**WHAT IS NEEDED:**
In the listing below, find the line containing "Estas encantadoras invitaciones" and the line containing "大文件分片上传需要前后端协作", then copy exactly everything from the first through the second, except the pictures.

**AVAILABLE RECORDS:**

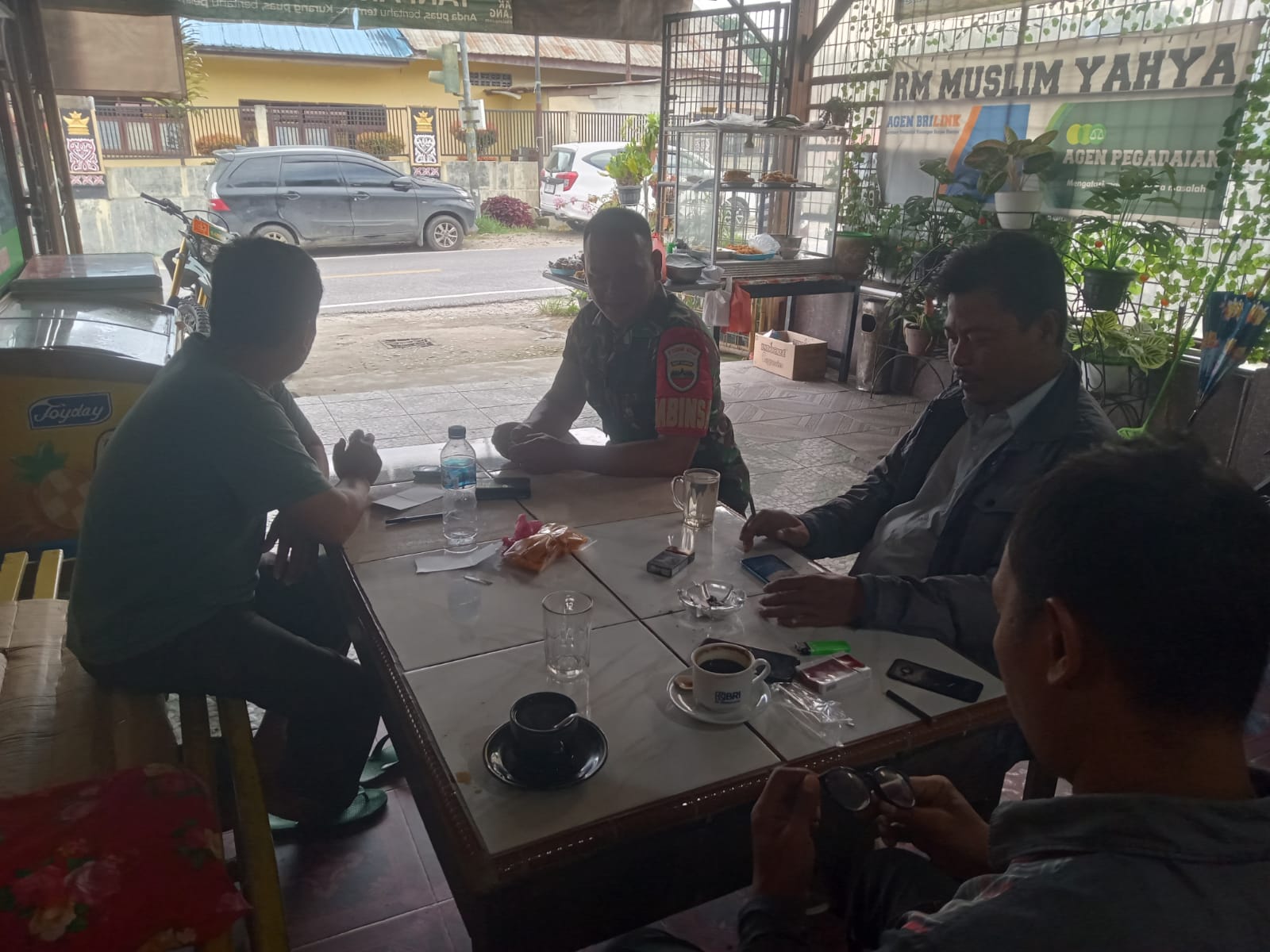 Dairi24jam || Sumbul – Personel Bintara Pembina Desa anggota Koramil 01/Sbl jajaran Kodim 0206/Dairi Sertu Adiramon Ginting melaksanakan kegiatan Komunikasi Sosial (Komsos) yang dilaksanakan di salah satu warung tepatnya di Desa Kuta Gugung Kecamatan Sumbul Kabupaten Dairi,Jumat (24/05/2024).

---

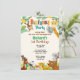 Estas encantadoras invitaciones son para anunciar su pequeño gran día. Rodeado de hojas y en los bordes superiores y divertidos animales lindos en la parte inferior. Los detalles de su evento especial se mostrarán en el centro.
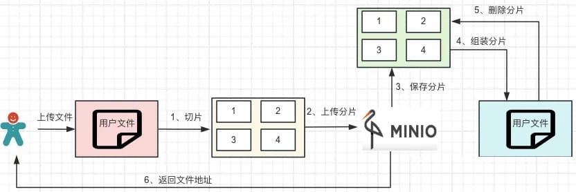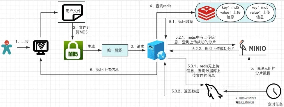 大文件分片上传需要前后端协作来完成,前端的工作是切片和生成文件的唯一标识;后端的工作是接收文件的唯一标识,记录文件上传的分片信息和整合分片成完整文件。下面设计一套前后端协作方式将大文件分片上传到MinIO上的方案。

**ANSWER BOX:**
 Estas encantadoras invitaciones son para anunciar su pequeño gran día. Rodeado de hojas y en los bordes superiores y divertidos animales lindos en la parte inferior. Los detalles de su evento especial se mostrarán en el centro.
 大文件分片上传需要前后端协作来完成,前端的工作是切片和生成文件的唯一标识;后端的工作是接收文件的唯一标识,记录文件上传的分片信息和整合分片成完整文件。下面设计一套前后端协作方式将大文件分片上传到MinIO上的方案。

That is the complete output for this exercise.